- **Work instruction**: Omitting all images, output the entries that follow exactly as written.

- **Information provided**:
+-------+

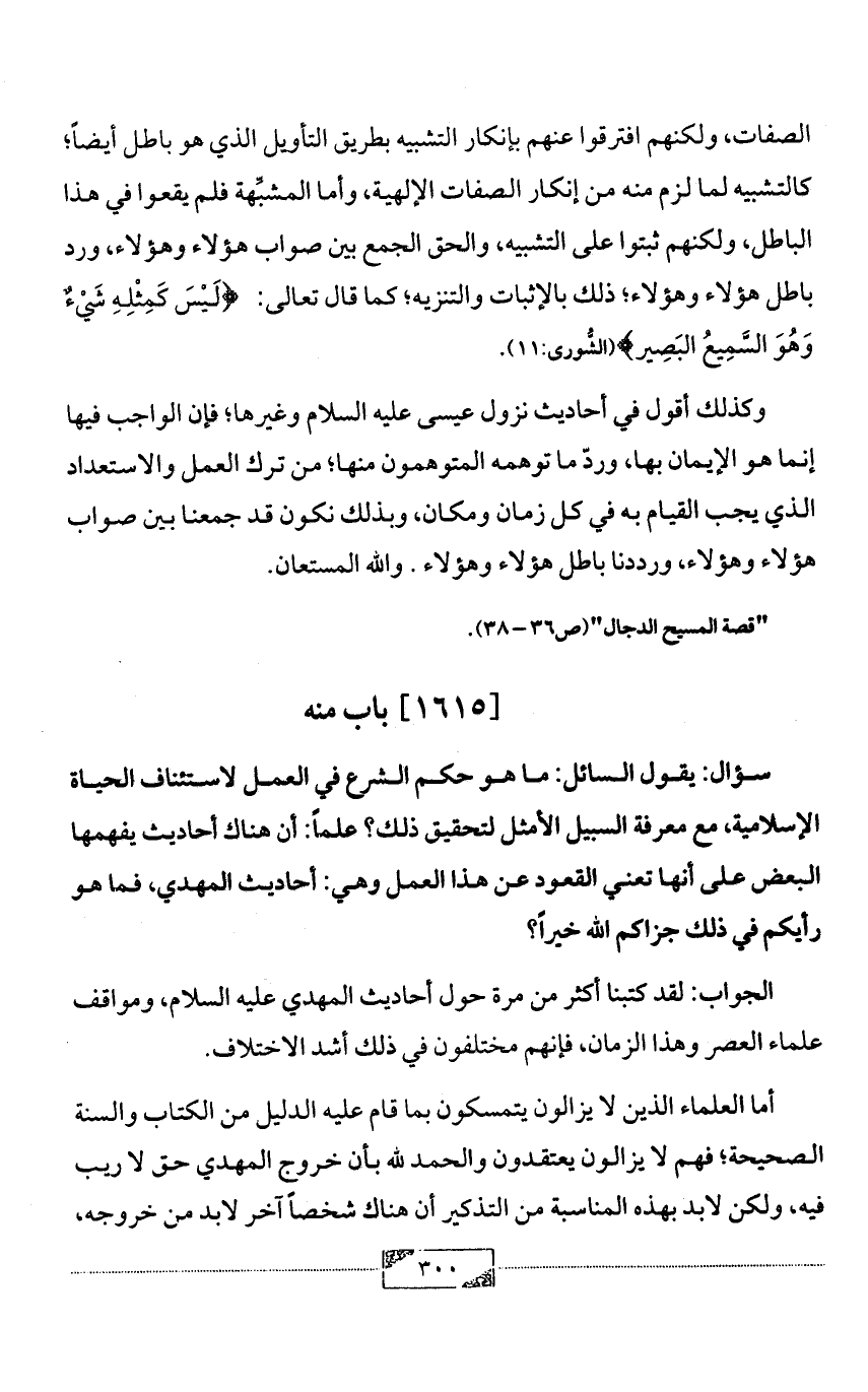 وكذلك أقول في أحاديث نزول عيسى عليه السلام وغيرها؛ فإن الواجب فيها إنما هو الإيمان بها، وردّ ما توهمه المتوهمون منها؛ من ترك العمل والاستعداد الذي يجب القيام به في كل زمان ومكان، وبذلك نكون قد جمعنا بين صواب هؤلاء وهؤلاء، ورددنا باطل هؤلاء وهؤلاء. والله المستعان.
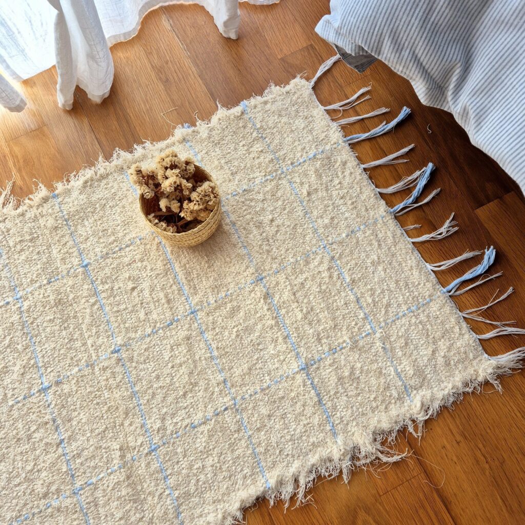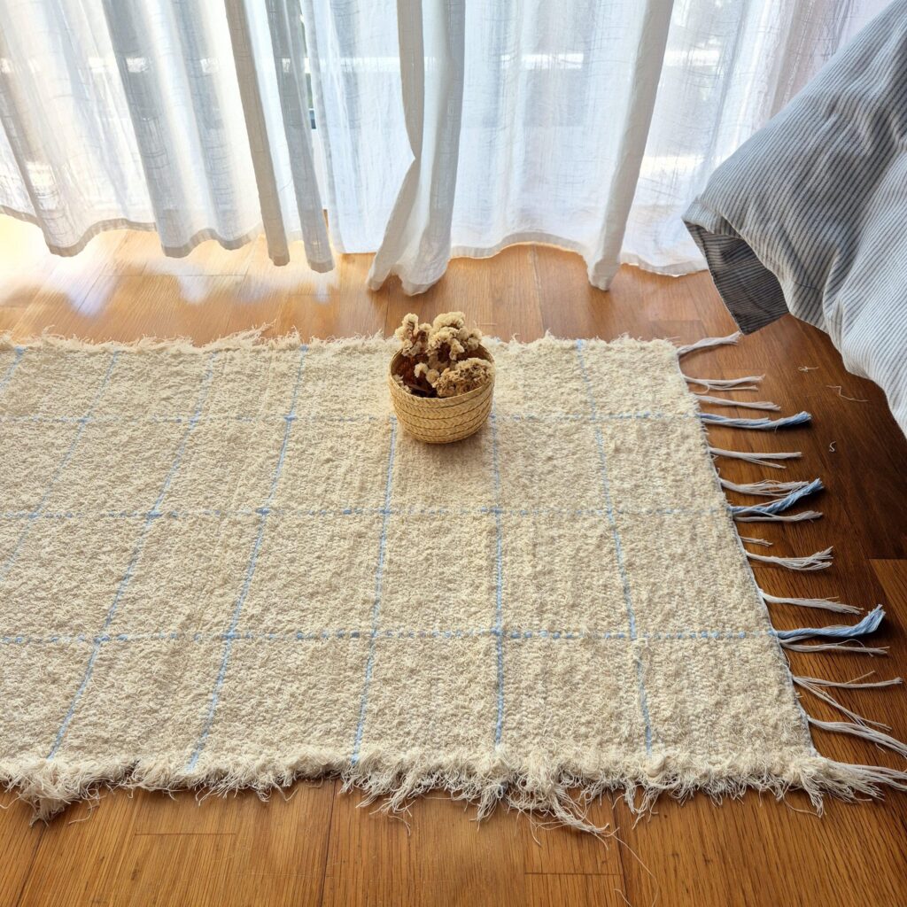 Este tapete é tecido num tear manual com tecidos reutilizados de fábricas têxteis.
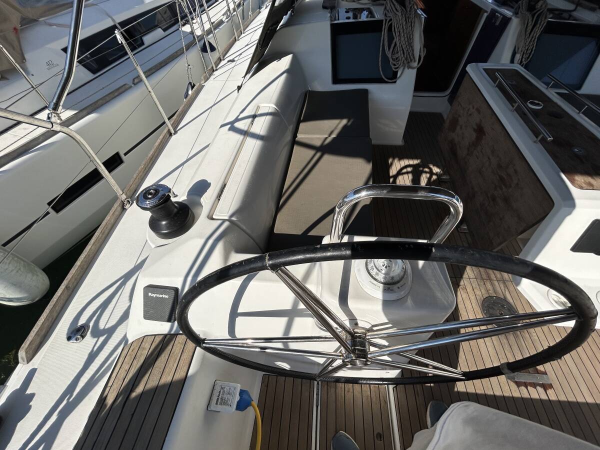 The Dufour 460 GL „Tango I“ is equipped with a mainsail and a genoa as well as a Bimini top, Autopilot, Sprayhood, Teak cockpit.
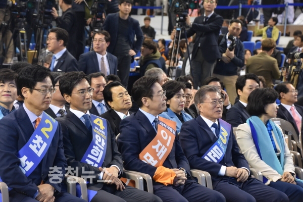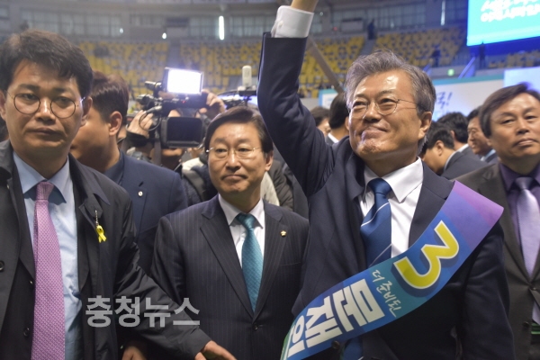 특히 문재인 후보는 "충청이 안희정이라는 걸출한 지도자를 잘 키워주셨다"며 "그러나 우리도 10년, 15년 집권준비를 해야 한다. 이번엔 제가 정권교체 문을 열겠다"고 밝혔다.
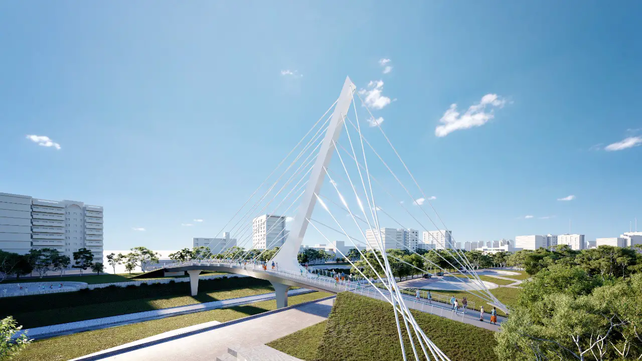 La estructura de metal confeccionada con un sistema atirantado tendrá 80 metros de longitud y 5,6 de ancho, con un área aproximada de 500 metros cuadrados. En su centro se alzará una columna de sección variable de 29 metros de alto, desde donde se aferrarán tirantes que mantendrán la solidés del puente.

+-------+

- **Output for this task**:
 وكذلك أقول في أحاديث نزول عيسى عليه السلام وغيرها؛ فإن الواجب فيها إنما هو الإيمان بها، وردّ ما توهمه المتوهمون منها؛ من ترك العمل والاستعداد الذي يجب القيام به في كل زمان ومكان، وبذلك نكون قد جمعنا بين صواب هؤلاء وهؤلاء، ورددنا باطل هؤلاء وهؤلاء. والله المستعان.
 Este tapete é tecido num tear manual com tecidos reutilizados de fábricas têxteis.
 The Dufour 460 GL „Tango I“ is equipped with a mainsail and a genoa as well as a Bimini top, Autopilot, Sprayhood, Teak cockpit.
 특히 문재인 후보는 "충청이 안희정이라는 걸출한 지도자를 잘 키워주셨다"며 "그러나 우리도 10년, 15년 집권준비를 해야 한다. 이번엔 제가 정권교체 문을 열겠다"고 밝혔다.
 La estructura de metal confeccionada con un sistema atirantado tendrá 80 metros de longitud y 5,6 de ancho, con un área aproximada de 500 metros cuadrados. En su centro se alzará una columna de sección variable de 29 metros de alto, desde donde se aferrarán tirantes que mantendrán la solidés del puente.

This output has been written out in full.